## EXERCISE AIM
Practice item. Set the material below down again exactly, with no pictures.

## SUPPLIED RECORDS
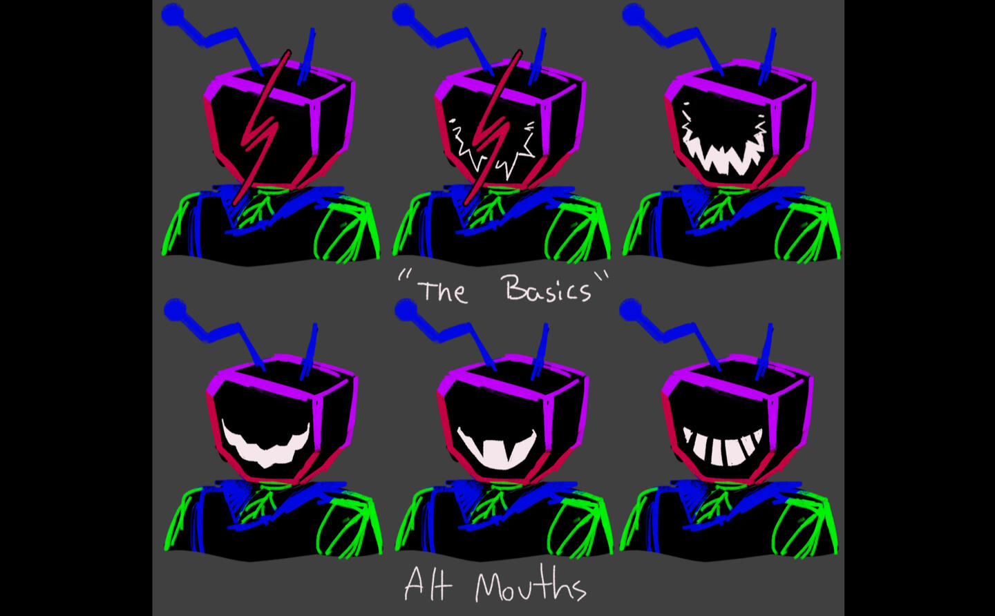 In the reference sheet above, his mouth is stylized to look like Tenna's regular sharp-tooth smile because he is in the process of assimilating Tenna -> starting to resemble his old self again.
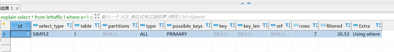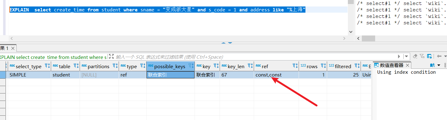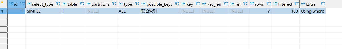 最后看看神奇的一条,左边为字符类型,右边为int类型,走了全表扫描,查出来的数据有好几条,这正是我们说的索引失效问题
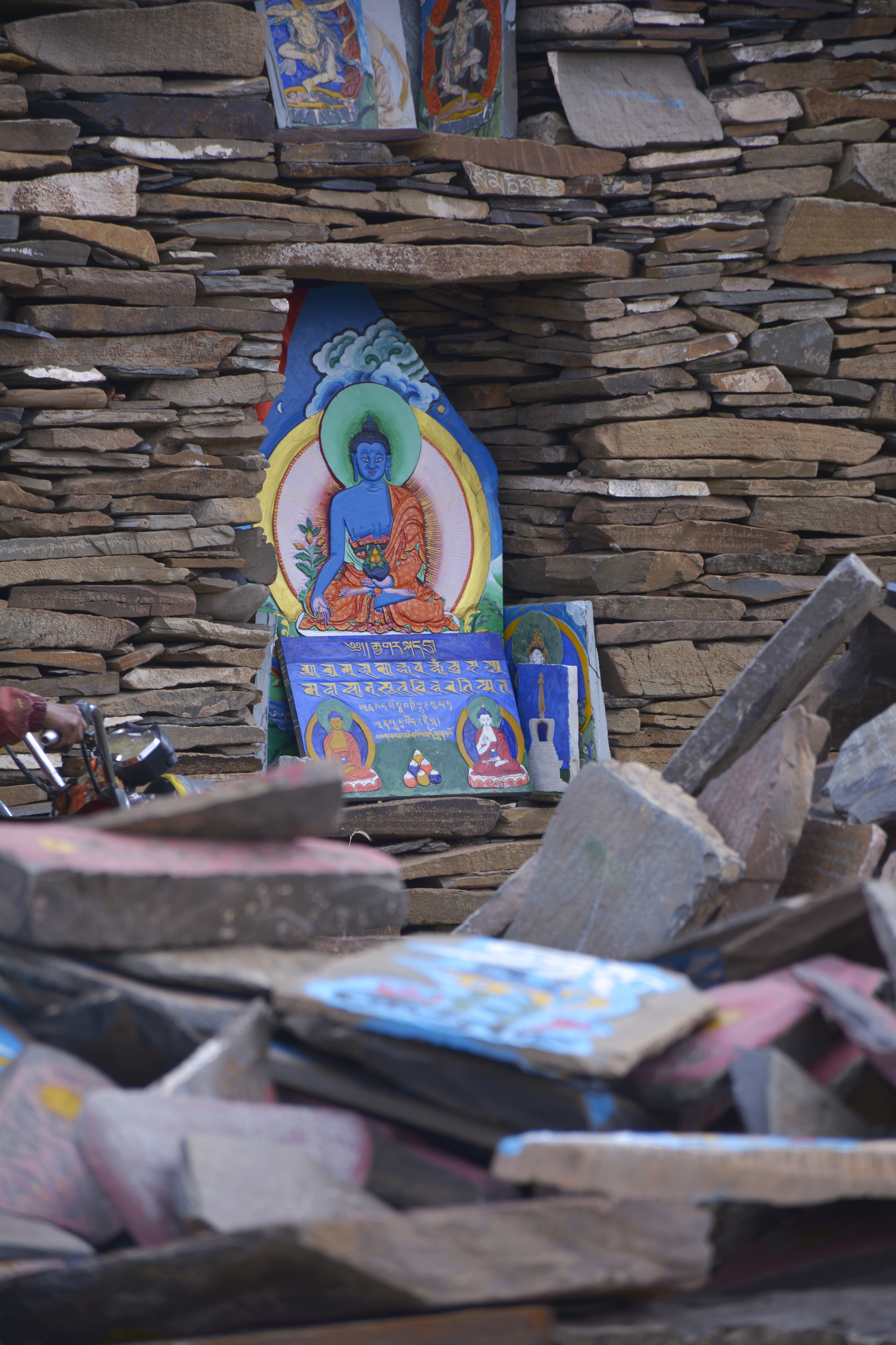 城墙上摆放着诸神像的“窗口”,正面有一道“城门”可以进入。四周密密麻麻都是刻满经文的玛尼石。
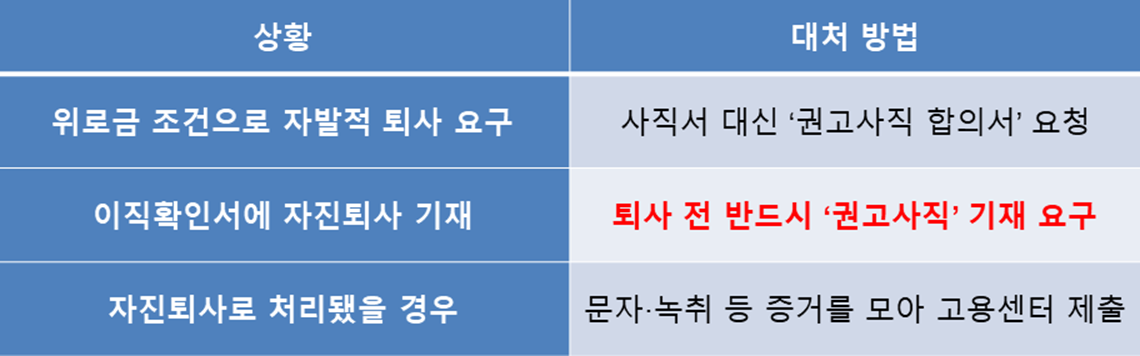 특히, 회사가 권고사직위로금 조건으로 자발적 퇴사 처리를 요구해도,
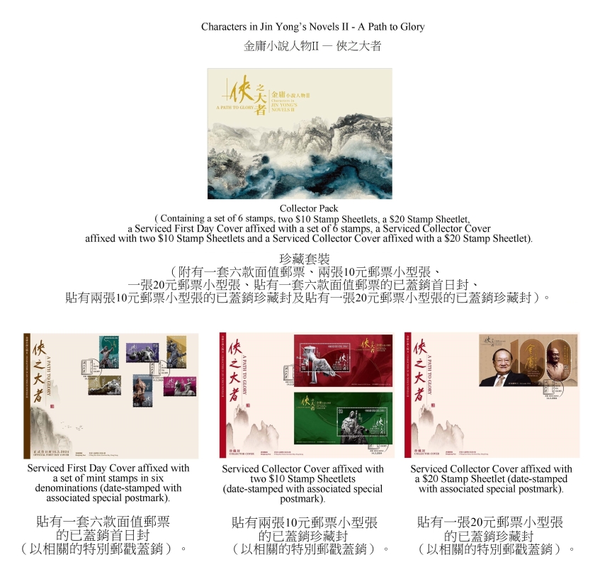 香港新聞網3月1日電 香港郵政將於3月14日(星期四)推出發售一套以“金庸小說人物II——俠之大者”為題的特別郵票及相關郵品。
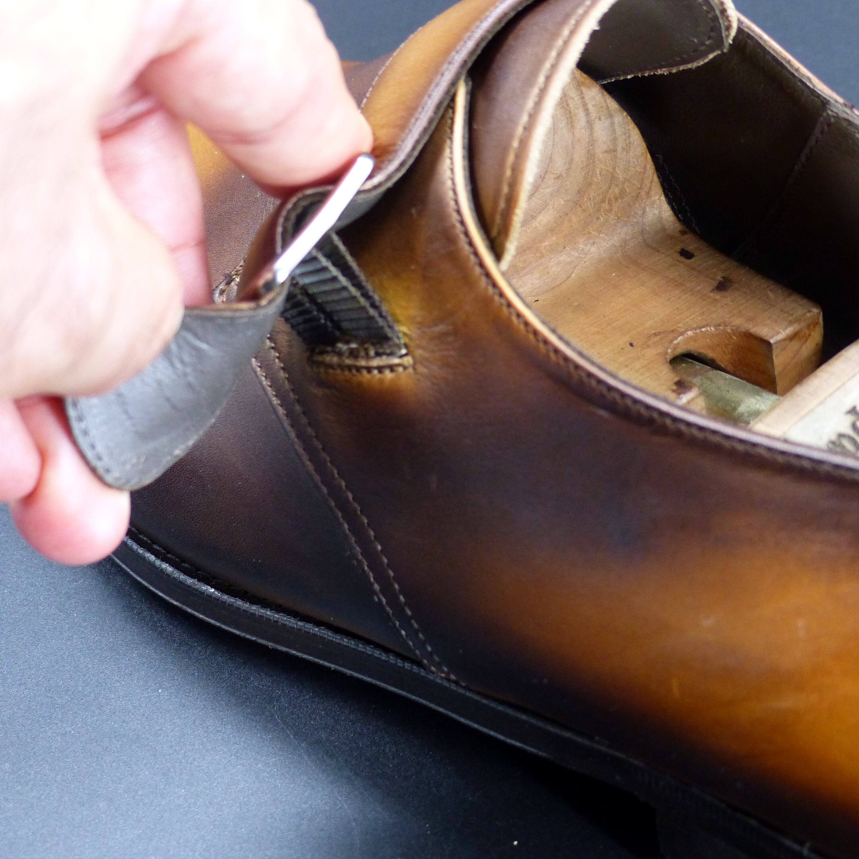 4)シューケア用品を使用する際は、必ず目立たない部分でお試しいただき、その後ご使用ください。また、お客様自身の作業によって生じた色落ちなどについては、弊社では保証できかねますので、ご注意ください。
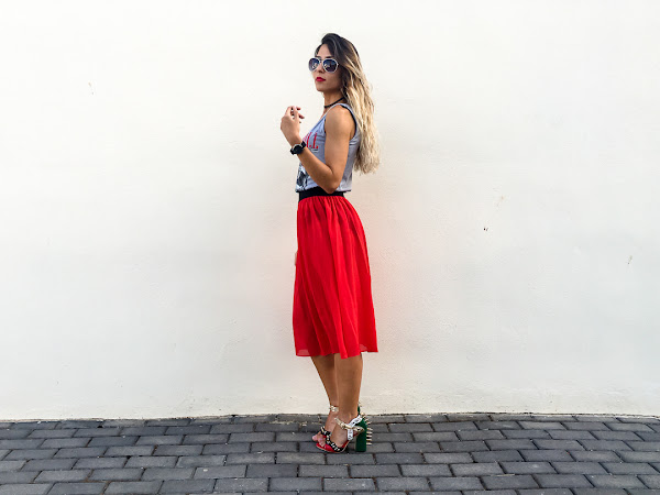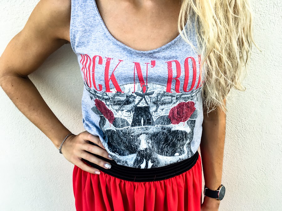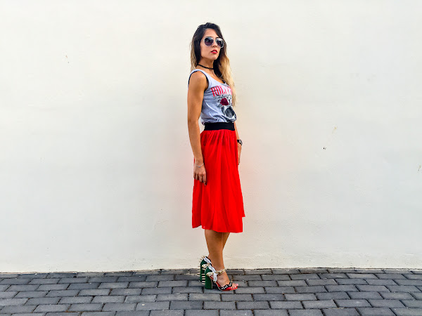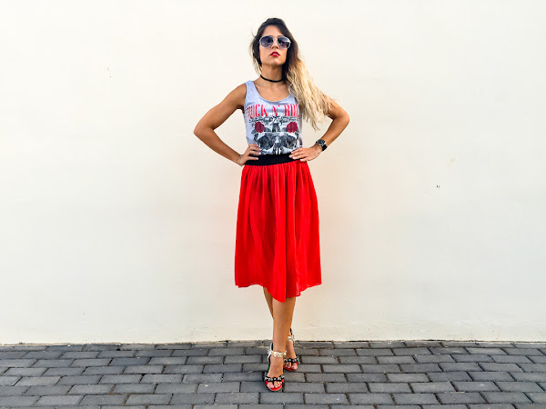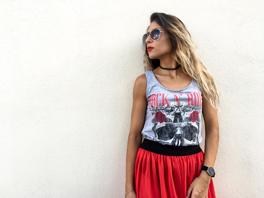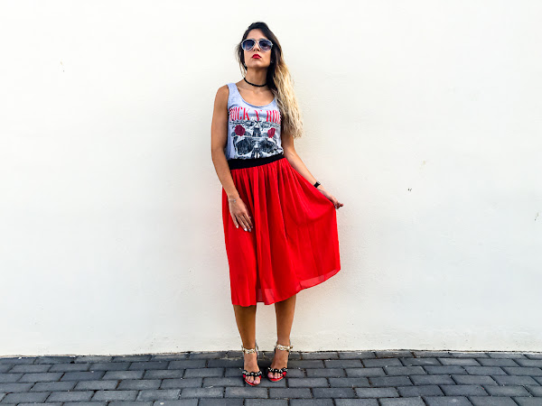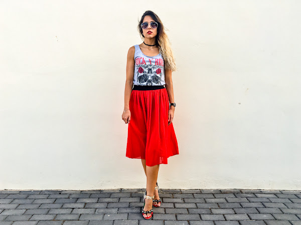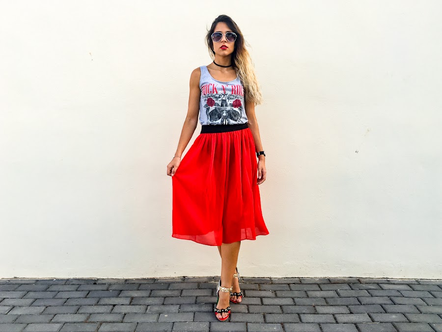 La he combinado con una falda de tul roja de YOINS y con mis sandalias más rockera de JESSICA BUURMAN!

## WRITTEN SOLUTION
 In the reference sheet above, his mouth is stylized to look like Tenna's regular sharp-tooth smile because he is in the process of assimilating Tenna -> starting to resemble his old self again.
 最后看看神奇的一条,左边为字符类型,右边为int类型,走了全表扫描,查出来的数据有好几条,这正是我们说的索引失效问题
 城墙上摆放着诸神像的“窗口”,正面有一道“城门”可以进入。四周密密麻麻都是刻满经文的玛尼石。
 특히, 회사가 권고사직위로금 조건으로 자발적 퇴사 처리를 요구해도,
 香港新聞網3月1日電 香港郵政將於3月14日(星期四)推出發售一套以“金庸小說人物II——俠之大者”為題的特別郵票及相關郵品。
 4)シューケア用品を使用する際は、必ず目立たない部分でお試しいただき、その後ご使用ください。また、お客様自身の作業によって生じた色落ちなどについては、弊社では保証できかねますので、ご注意ください。
 La he combinado con una falda de tul roja de YOINS y con mis sandalias más rockera de JESSICA BUURMAN!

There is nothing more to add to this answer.